Это был роман Вальтера Скотта, не знаю точно, какой именно, один из тех, где герой, простой горец или бедный искатель приключений, влюбляется в какую-нибудь знатную даму, королеву или же принцессу, в свою очередь втайне любим ею и после ряда приятнейших или ужасающих приключений становится ее возлюбленным и супругом. Подобная интрига, несложная и волнующая, является, как известно, излюбленной у этого короля романистов. Вальтер Скотт был поэтом лордов и королей, но в то же время и поэтом, воспевшим крестьянина, солдата, изгнанника и ремесленника. Правда, оставаясь верным своим аристократическим симпатиям и будучи слишком англичанином, чтобы обладать подлинной смелостью мысли, он неизменно обнаруживает у своих благородных сердцем бродяг знатное происхождение, или награждает их богатым наследством, или же заставляет со ступеньки на ступеньку подниматься по лестнице богатств и почестей, дабы, кладя в конце романа этих героев к ножкам их дам, не подвергать последних мезальянсу, заставляя выходить за них замуж по одной только любви. Но мы, несомненно, должны быть благодарны ему: он в поэтических красках живописал народ, сумев обнаружить в нем величественные, суровые образы людей, смелостью, умом и красотой нередко не только соперничающие, но превосходящие, а порой и затмевающие главного героя. Нет сомнений в том, что он понимал и любил народ — вовсе не в силу своих убеждений, а чисто инстинктивно, и предрассудки джентльмена не властны были ослабить зоркие глаза художника.
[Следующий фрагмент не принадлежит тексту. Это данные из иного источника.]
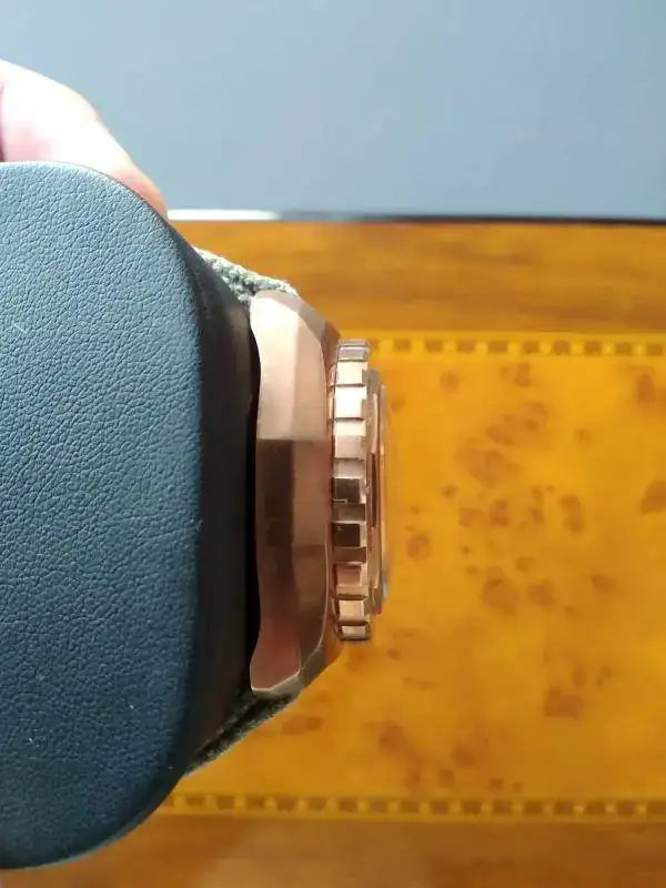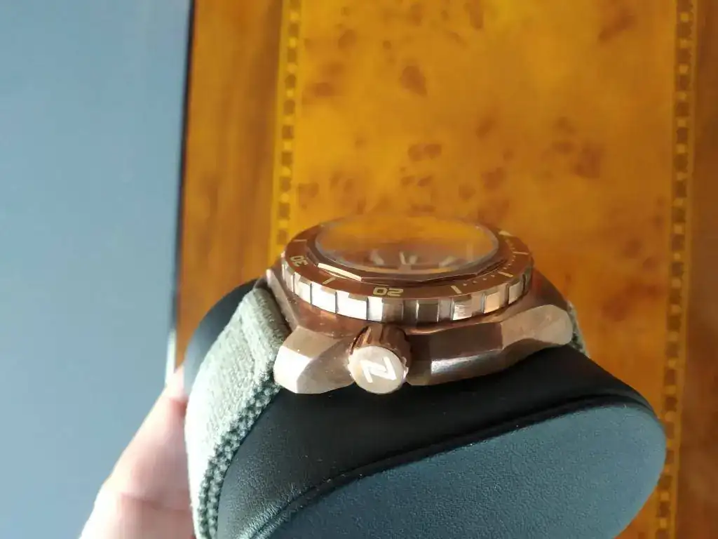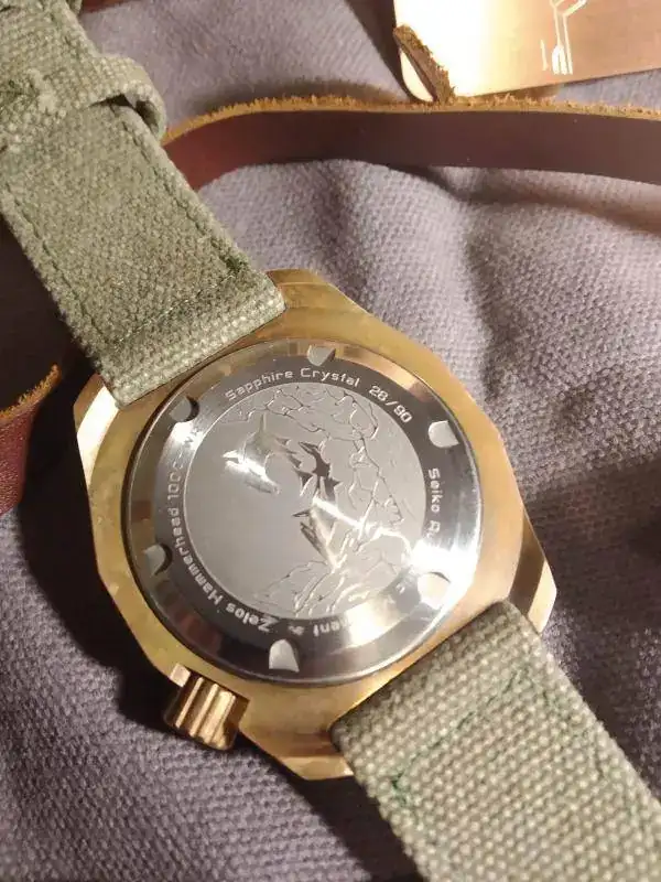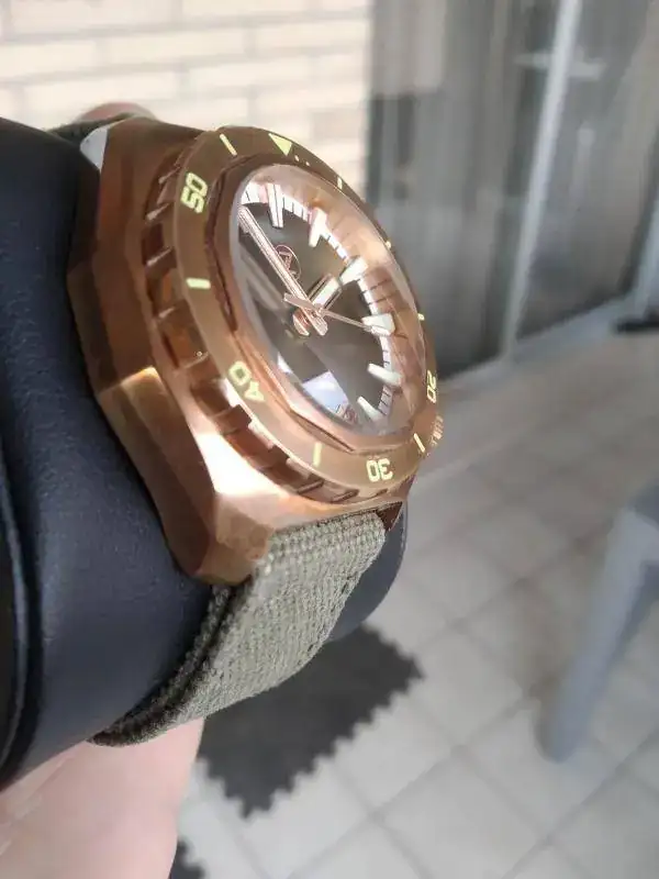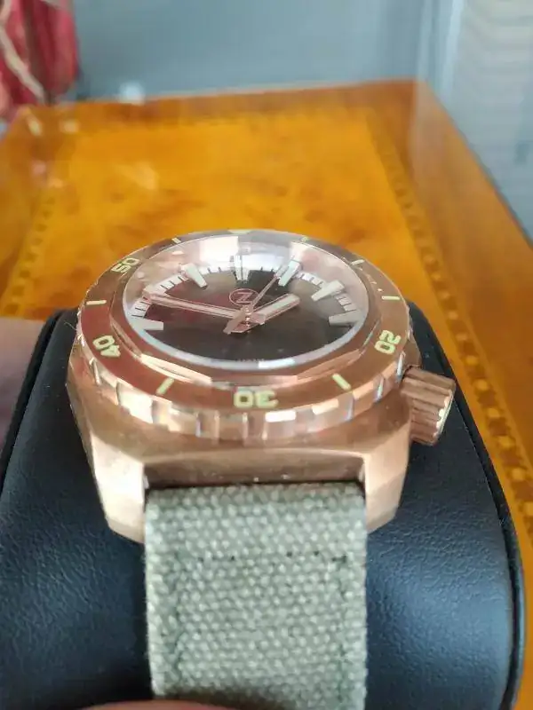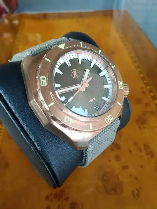 Se trata de un Zelos Hammerhead de bronce con un precioso dial color verde oliva, que intento reflejar con diferentes condiciones de luz en las fotos con no demasiado éxito. El reloj está en un estado excelente, ya que me llegó en perfectas condiciones y como digo, contaré con los dedos de una mano las veces que lo he llevado puesto. Presenta una ligera patina que a mi me parece muy bonita, nunca lo he mojado ni nada por el estilo lo que supongo que hará que no tenga demasiada.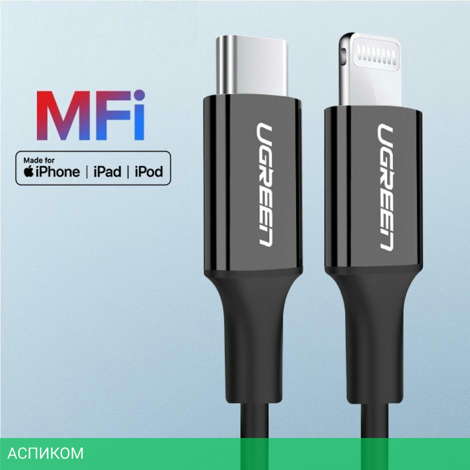 кабель / для смартфонов и планшетов / передача данных; питание устройств / USB 2.0 Type-C; Lightning / 1.0 / черный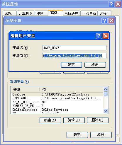 在变量名中输入:JAVA_HOME(注意大小写以及下划线),在变量值中把刚刚复制的路径,JDK安装目录所在路径(默认安装C:ProgramFilesJavajdk1.6.0_12,用户需要找到自己实际的安装路径来设置变量值)如下图: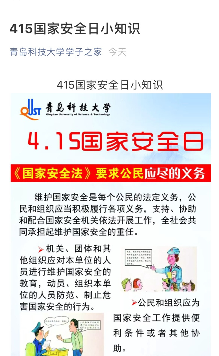 活动中,学生处线上通过“学子之家”微信公众号推送了“4·15国家安全日”宣传网文,线下分别在崂山、四方两校区宣传栏张贴了宣传海报,在崂山校区图书馆1楼大厅、四方校区行政楼1楼大厅摆放了宣传展板,对《国家安全法》规定的公民应尽义务、国家安全保密十不准、警惕危害国家安全的活动、如何鉴别危害国家安全的活动、如何应对间谍行为、大学生如何增强反间谍意识等进行了广泛宣传。

При всей своей тонкой и прелестной целомудренности, романы эти опасны для юных умов и подрывают старые устои именно в той мере, в какой это и требуется от романа, чтобы считаться истинно романическим и быть жадно читаемым во всех слоях общества. В сущности, не кто иной, как сэр Вальтер Скотт, был повинен в той сумятице, которая воцарилась, если можно так выразиться, в головке Жозефины. Она воображала себя какой-нибудь дамой пятнадцатого или шестнадцатого века, в которую влюблен молодой художник, безвестный отпрыск некоего знаменитого рода, вынужденный до поры до времени избрать себе поприще искусства, пока его титул не будет ему возвращен или же пожалован за великие заслуги и громкую славу. И разве не были выходцами из народа большинство великих художников? Какая же маркиза, даже из тех, кто имеет родословную, не была бы польщена, чувствуя себя кумиром и идеалом прославленного плебея вроде Жана Гужона[85], Пюже[86], Кановы[87] и еще сотни других, имена которых мы то и дело встречаем в истории изящных искусств?